PROBLEM:
Make an exact transcript of the lines in the data below, starting with the one containing "아래는 multi-digit 숫자" and going on through the one containing "台面上撒一些干面粉防粘。取一", with both included and the pictures left out.

DATASET RECORDS:
● ● ● ●

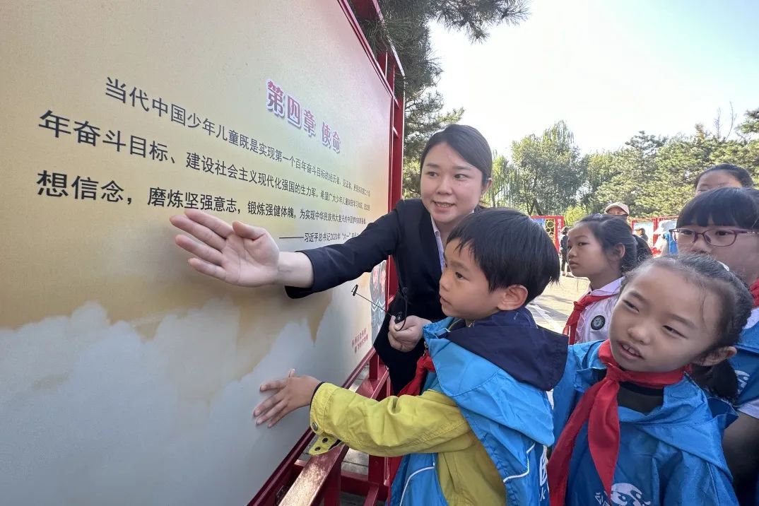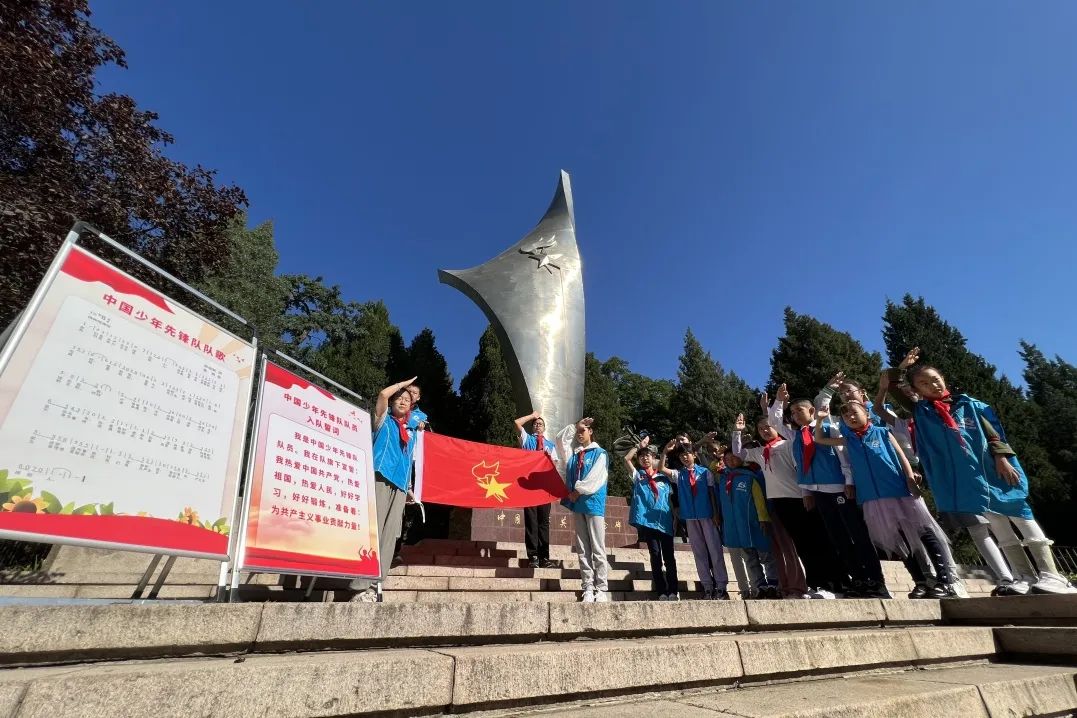 随后,讲解员带领现场的少先队员们共同重温入队誓词,在少先队队旗下,当右拳高高举起,少先队员们齐声呼号:“准备着,为共产主义事业贡献力量!。”伴随着字字铿锵、句句响亮的入队誓词,不仅调动了少先队员的爱国热情,还进一步增强了队员们的荣誉感和自豪感。最后,全体队员们齐声高唱《中国少年先锋队队歌》,并向中国少年英雄纪念碑致少年先锋队队礼。
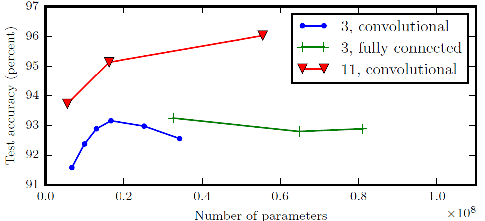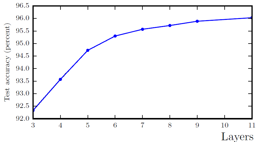 아래는 multi-digit 숫자 인식 문제에 대해 layer 수와 accuracy에 관한 실험적 결과를 나타내는 그래프이다.
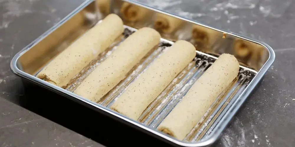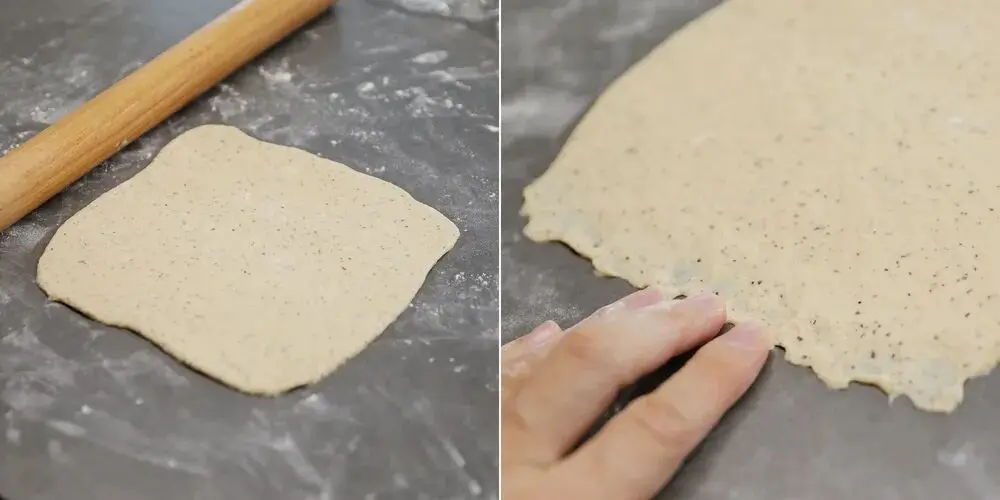 台面上撒一些干面粉防粘。取一个松弛好的小面团,在台面上压扁,擀开成为长方形。用手指在长方形一边(收尾的那一边)压一遍使这条边变得薄薄的(这样卷起来收口比较服帖)。
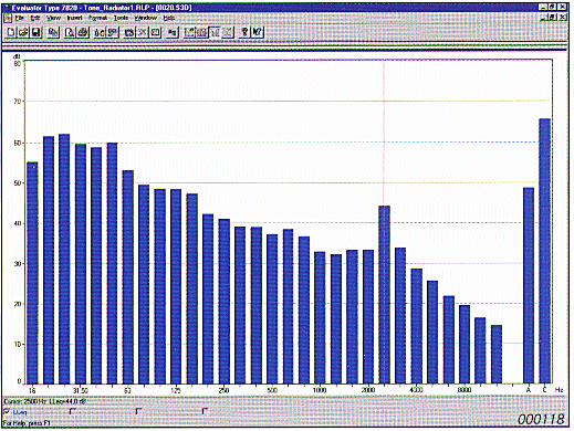 Tones in NoiseAnnoying tones are created in two ways: Machinery with rotating parts such as motors, gearboxes, fans and pumps often create tones. Unbalance or repeated impacts cause vibration that, transmitted through surfaces into the air, can be heard as tones. Pulsating flows of liquids or gases can also create tones, caused by combustion processes or flow restrictions. Tones can be identified subjectively by listening, or objectively using frequency analysis. The audibility is then calculated by comparing the tone level to the level of the surrounding spectral components. The duration of the tone should also be documented.Low Frequency NoiseLow frequency noise has significant acoustic energy in the frequency range 8 to 100 Hz. Noise of this kind is typical for large diesel engines in trains, ships, and power plants and, since the noise is hard to muffle and spreads easily in all directions, it can be heard for miles. Low frequency noise is more annoying than would be expected from the A-weighted sound pressure level. The difference between the A-weighted and C-weighted level can indicate whether there is a low frequency problem. To calculate the audibility of low frequency components in the noise, the spectrum is measured and compared to the threshold of hearing. Infrasound has a spectrum with significant components below 20 Hz. We perceive it not as sound but rather as pressure. The assessment of infrasound is still experimental, and is presently not covered by international standards. |
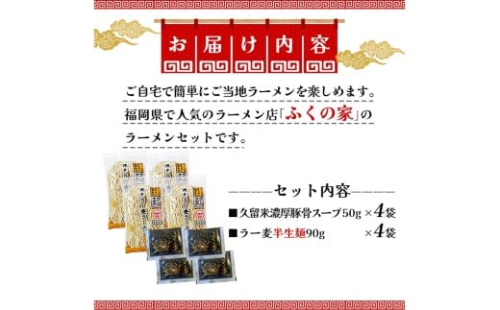 - \ポスト投函/【月間1万人来店!】本場久留米の味!「ふくの家」濃厚豚骨ラーメン4食 ゆうパケットでお届け!【Z4-001】
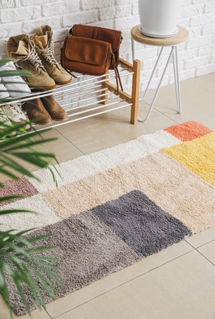 Textured two-tone rug with contrasting colors and unique patterns enhances the interior space
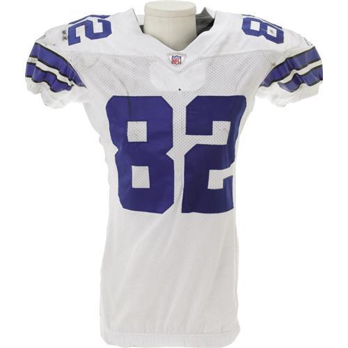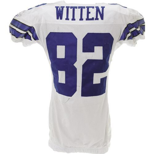 <B>2006 Jason Witten Game Worn Jersey.</B></I> The heavy black staining on the shoulders of this star tight end's jersey is symptomatic of collisions with the black facemasks of New Orleans Saints tacklers, suffered in the second of two games of NFL action. Witten picked up thirty-three yards that day, and seventy-three the week before at the New York Giants. Number "82" is stitched to chest, back and shoulders in blue tackle twill, with "Witten" sewn across rear nameplate in bold block lettering. "06-48" year/size label appears inside collar, with tail tagging lost to the custom elasticized waistband tailoring.<BR><BR><b>Shipping:</b> Clothing, Costumes & Jerseys (<a target="_blank" href="http://www.heritageauctions.com/common/shipping.php">view shipping information</a>)
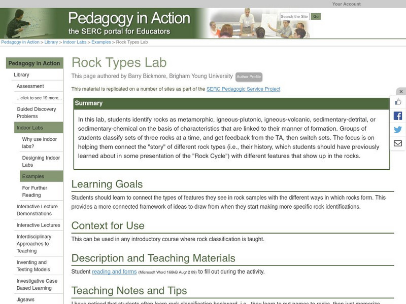 A well-designed lesson on rocks where students first learn about how the three categories of rocks form (sedimentary, igneous, and metamorphic), then must examine the features of different rock samples, and determine which category each...
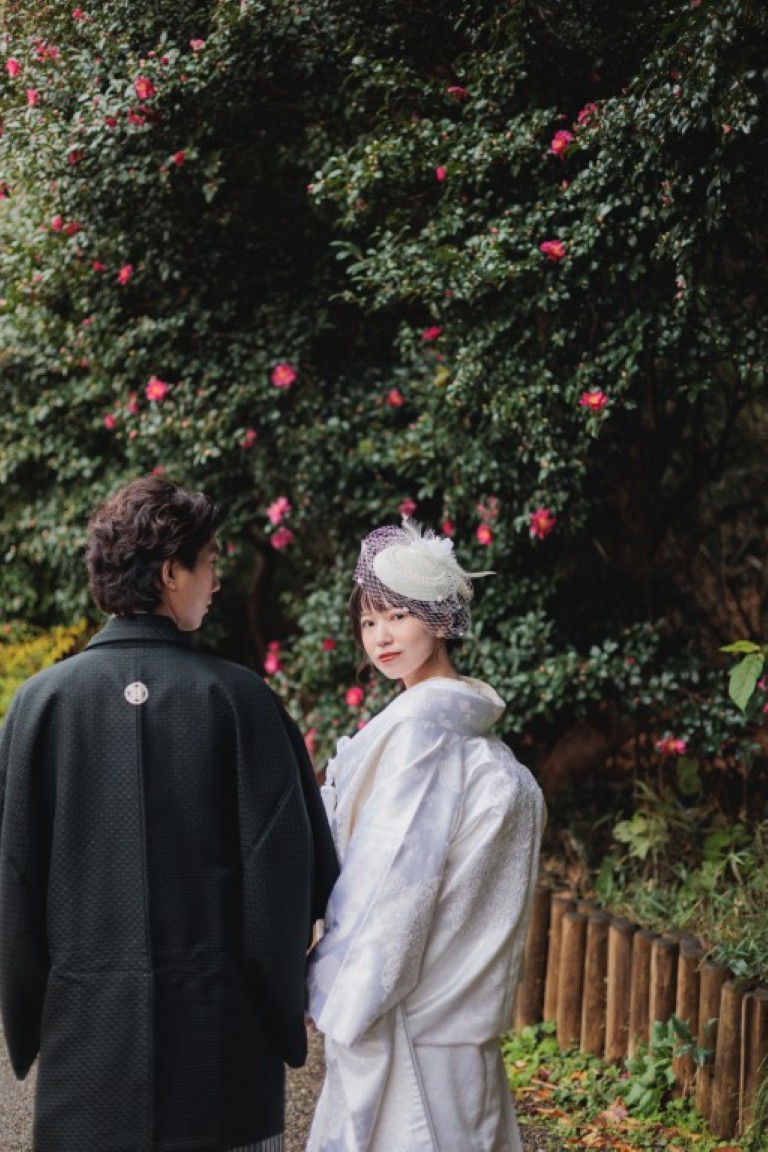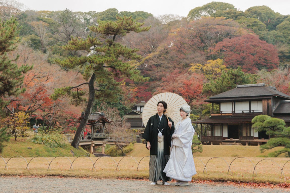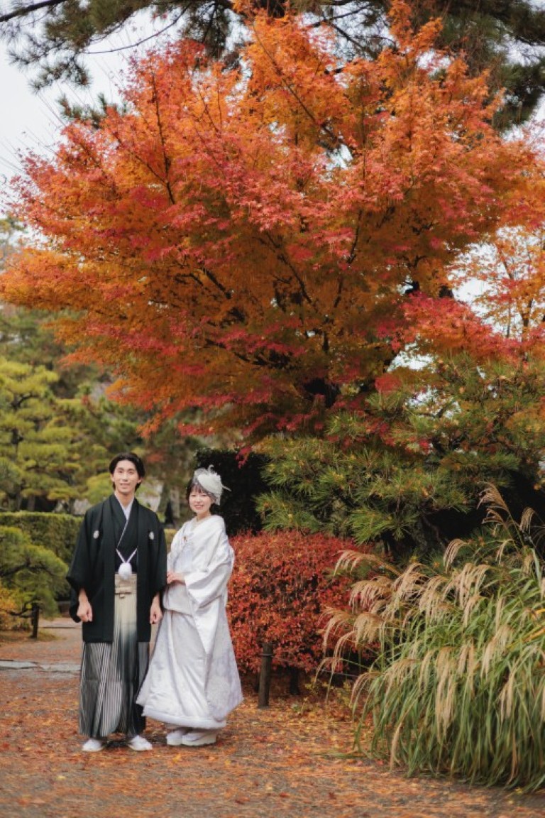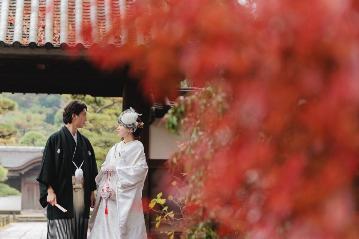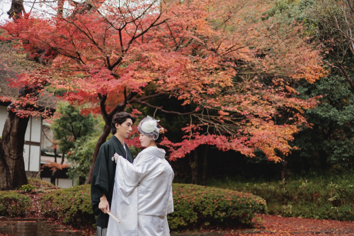 紅葉に包まれた三溪園で、寄せ合うおふたりの笑顔と、あたたかいご家族の笑顔に囲まれながら撮影できたこと、スタッフ一同心より嬉しく思っております。

● ● ● ●

EXERCISE RESULT:
 아래는 multi-digit 숫자 인식 문제에 대해 layer 수와 accuracy에 관한 실험적 결과를 나타내는 그래프이다.
 台面上撒一些干面粉防粘。取一个松弛好的小面团,在台面上压扁,擀开成为长方形。用手指在长方形一边(收尾的那一边)压一遍使这条边变得薄薄的(这样卷起来收口比较服帖)。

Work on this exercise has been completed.